I'm currently reading The Omnivore's Dilemma: A Natural History of Four Meals by Michael Pollan. I'm not all that far into the book, and I'm having a difficult time wanting to continue. His style isn't bad, and he tries pretty hard to bring us some facts, but I'm really, really growing tired of him harping on the OMGOBESITY "epidemic". He has bought the b.s. that we all eat too much, and THAT is why we are fat.
I want to finish this book, partly because I am interested in the rest of the material, but I have two problems:
1. It's just aggravating to read all of the fatphobic crap he's put into the book.
2. If he's regurgitating the "facts" he sucked directly from the teat of big pharma and the CDC (who's in the pocket of big pharma), then how can I trust the rest of what he's saying?
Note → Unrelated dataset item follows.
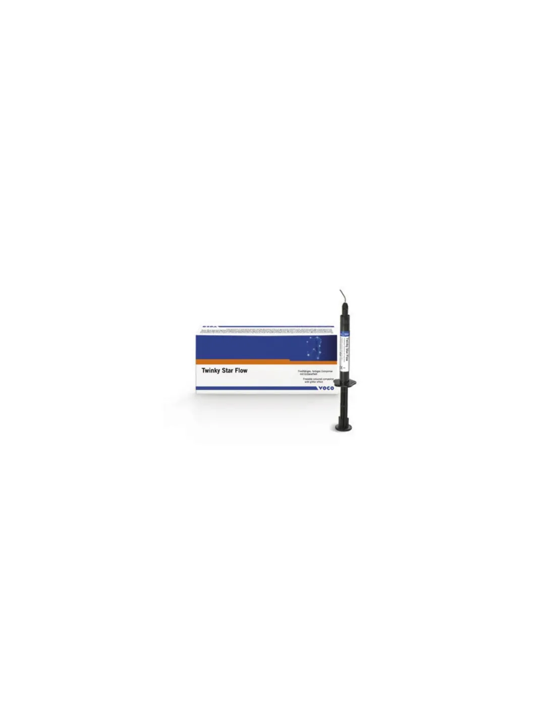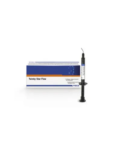 Twinky Star Flow de Voco es un compómero fluido y fotopolimerizable coloreado con efecto brillante. Se utiliza para restaurar dientes provisionales o de leche.

How do I know he checked his other facts?
I am going to push onward, because I dislike leaving a book half-read, and because so many people are gushing about it, but I'm doing so in the face of being repelled, and not able to take the author's claims seriously.
Oh, and one other thing that I almost forgot: Does Eric Schlosser know that someone has plagiarized his book? While this book has a lot of details about corn processing and things like that, Schlosser's "Fast Food Nation" did pretty much the same thing, did it better, and only gave a small amount of lip service to the o****** (I think it's a foul word) "epidemic". The Omnivore's Dilemma bitches about fat people in every chapter.
I agree with the ideas behind this book--that we need to return to sustainable agriculture and stop running farms like factories. Absolutely, I believe this. There are a lot of reasons that factory farming and the monoculture farming of corn (which requires a lot of petrochemicals to fertilize the soil, instead of crop rotation which does it naturally) are bad. We can say these things, though, without dragging fat people into the fray and beating them up. E. coli, toxic waste, and drug-resistant bacteria are all reasons besides animal welfare to stop the feedlot insanity. Unsustainability of using petrochemicals to fertilize corn and the glut of corn (which requires armies of "food scientists" to find a use for) are good reasons to return to crop rotation and diversification--and that's aside from the dwindling culture of the traditional American farmer.
But I suppose the author feels the only way to get people to listen is to latch onto the currently fashionable hype of EW FAT IS GROSS.
I'll write more after finishing the book (if I can manage to do so). I also have a review coming up of a wonderful book I read last month, but it's such a heavy topic that I want to be careful and do it right.